A New Interaction Horizon in Middle Asia in the LBA ?
It is quite probable that with the collapse of the old Bronze Age empires all across the Near East and South Asia, this entire Middle Asian region entered into a new era of interaction which is archaeologically not so well-defined. The widespread Zebu admixture in the Near Eastern cattle along with the presence of Asian elephants as also the first attestations of the Indo-Europeans such as the Hittites & the Mitanni and the associated horse-drawn chariots are evidences of this new horizon.

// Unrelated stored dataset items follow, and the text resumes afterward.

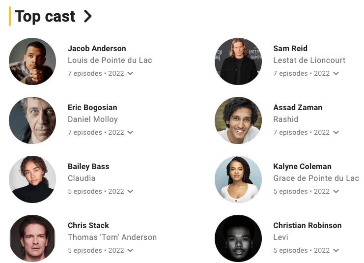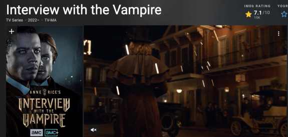 2022년작으로 aMC에서 만들어졌고, 현재 7개의 에피소드로 시즌1이 작년 11월에 방영 완료 되었다. 아마존 프라임 비디오에 aMC 시리즈가 올라와있어서 손쉽게 볼 수 있었다. 기본 골자는 영화에서 가져온 그대로이나 설정이나, 디테일에 변화를 주었다. 브래드 피트가 맡았던 루이스 역할에는 왕좌의 게임에 출연했던 배우 제이콥 앤더슨, 톰 크루즈가 맡았던 레스탯 역할에는 호주 출신 배우 샘 레이드가 출연했다. 드라마는 두바이에서 현시대를 살고 있는 루이즈가 저널리스트 다니엘과 본인의 삶에 대해 인터뷰를 하는 모습으로 시작된다. 1910년 뉴올리언스를 배경으로, 루이즈는 술집 사장 겸 포주로 일하고 있던 어느 날 매력적인 프랑스 남자 레스탯을 만나게 된다. 그러다 너무나 사랑하던 남동생의 갑작스러운 죽음을 겪게 되고 레스탯에 의해 뱀파이어가 되는 게 1화의 줄거리이다. 영원한 소녀 뱀파이어인 클라우디아는 1화에서는 나오지 않았으나, 아바타에 출연했던 베일리 바스가 역할을 맡았다.
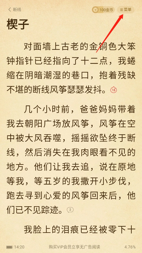 2、进入小说阅读界面后点击右上方菜单
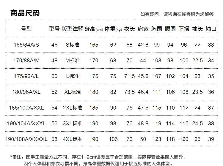 China (cm) 160-165/84-86 165-170 / 88-90 167-172 / 92-96 168-173 / 98-102 170-176 / 106-110
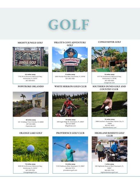 Just 35 minutes from the Orlando International Airport. Universal Studios, Sea World, Lego Land, and Disney Theme Parks are less than 30 minutes away. In addition, the newly opened Margaritaville Resort and Island H2O Water Park are only 5 minutes away. Also in the area is the Sunset Walk with entertainment, restaurants, and shopping.
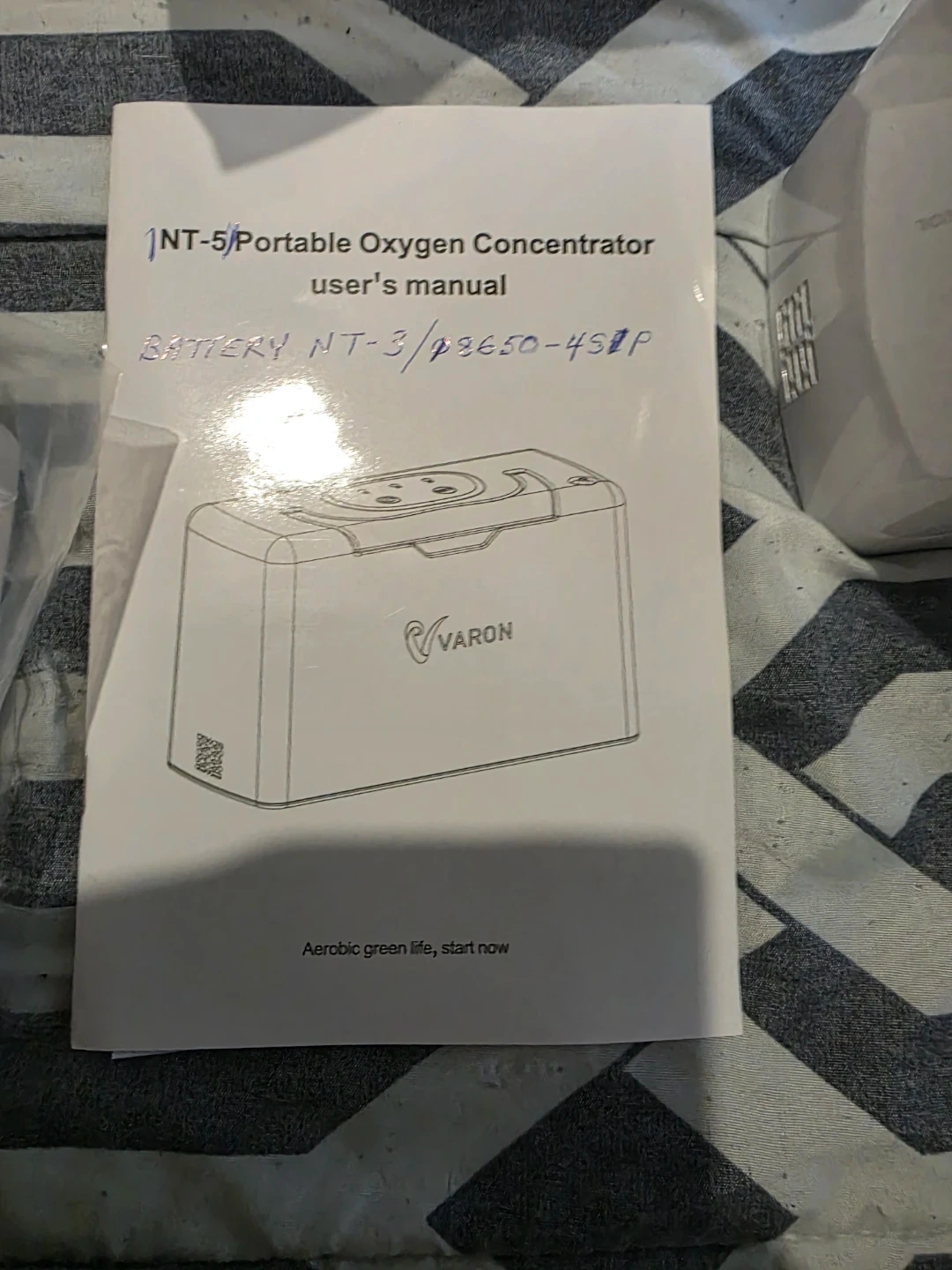 Varon portable oxygen concentrator NT-5. It's white and comes with a user's manual and power adapter. This concentrator is useful for individuals needing supplemental oxygen.
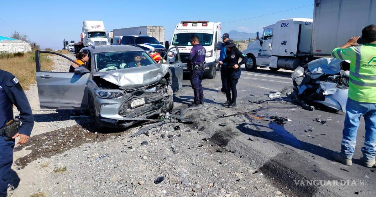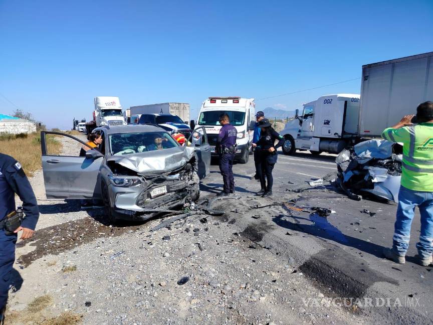 El percance ocurrió en el kilómetro 3.2, metros antes de llegar a la carretera antigua a Monclova, lo que movilizó a los cuerpos de emergencia de Protección Civil y Bomberos. De acuerdo con los primeros reportes, el accidente se produjo cuando la conductora de un vehículo Toyota Corolla, perteneciente a la empresa Cemex, circulaba en sentido poniente a oriente.

But while the Zebu and the Asian Elephant came from South Asia, one may argue that the Hittites, Mitanni and the horse drawn chariot must surely come from the steppe.
Well, the strong correlation of the geography of the LBA ‘Syrian’ Elephant population with the boundaries of the Mitanni empire, does suggest some sort of interaction of the Mitanni with South Asia.
And if this is not all, we have now possibly a very strong evidence of the presence of chariots in South Asia which is as old and probably older than the Sintashta chariots in the steppe.
It maybe noted that before the discovery of the chariots in Sintashta which gave the steppe chariot the distinction of being the oldest known one, it has been argued for long that the invention of chariot is mostly likely in the Near East and not in the steppe due to several factors inimical for the use of chariots on the steppe. You can read more about it here.
The discovery of the Sanauli chariots is likely to revive that debate. Along with this, we also have the prospect of horse aDNA from the Mature Harappan Phase no less.
Genetic evidence of Horses in mature Harappan period. The findings will be published soon.
So could the appearance of the Zebu, the Asian elephant, the Buffalo as well as the Hittites & Mitanni and their horse drawn chariot in the 2nd millenium BC in the Near East have a common cause in their probable migration from South Asia after the Indus civilization collapse.